Who don’t love drumsticks? Most people like drumstick in one way or the other. As we are chili ‘freaks’ we both love these spicy drumstick and the delicious marinade which we use as a dipping sauce.

If you are not used to eating chili every day, you might add less chili sauce and more honey. You can alway add more chili if you find it to mild, but it is more difficult to go the other way.


Ingredients (4 servings)

12 drumsticks

3 tbsp. hot chili sauce (today we’ve used Sriracha)

3 tbsp. honey

1 tbsp. good olive oil

4-6 garlic cloves, chopped

Juice from 1 lime




Mix together chili sauce, honey, olive oil, chopped garlic, lime juice, salt and pepper in a bowl.  Add the drumsticks and mix well. Make sure that all drumsticks has been marinaded before covering the bowl with plastic wrap. Let rest in the fridge for at least an hour.

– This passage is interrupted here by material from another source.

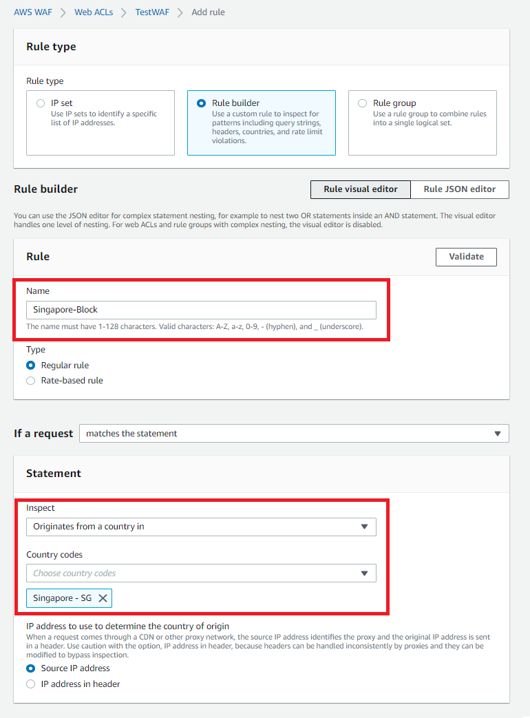 Statement의 Inspect는 Origin from a country in 으로, Country Code는 싱가포르를 검색해 지정해준 후 Rule 생성을 완료해주자
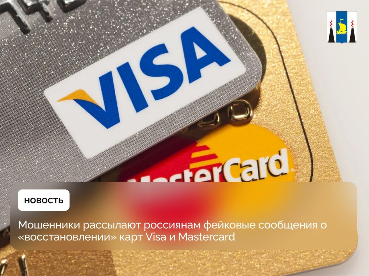 Новый вид кибермошенничества Мошенники рассылают россиянам фейковые сообщения о «восстановлении» карт Visa и Mastercard, заманивая пользователей на поддельный сайт банка для ввода данных Но международные платёжные системы в России не работают, и никакого восстановления не происходит. Перейдя по ссылке, жертва теряет свои данные и деньги.

Cover a roasting pan with baking paper and put in the marinated drumsticks. Pour the remaining marinade over the drumsticks and bake in the oven for 55-60 minutes at 350 degrees fahrenheit. Turn the legs halfway to avoid the marinade from getting burned.

Pour the remaining marinade in a bowl and serve with the drumsticks as a dipping sauce.

Serve with your favorite side dishes like black bean salad, smoked beans or with celery and blue cheese dressing.


Bon Appétit!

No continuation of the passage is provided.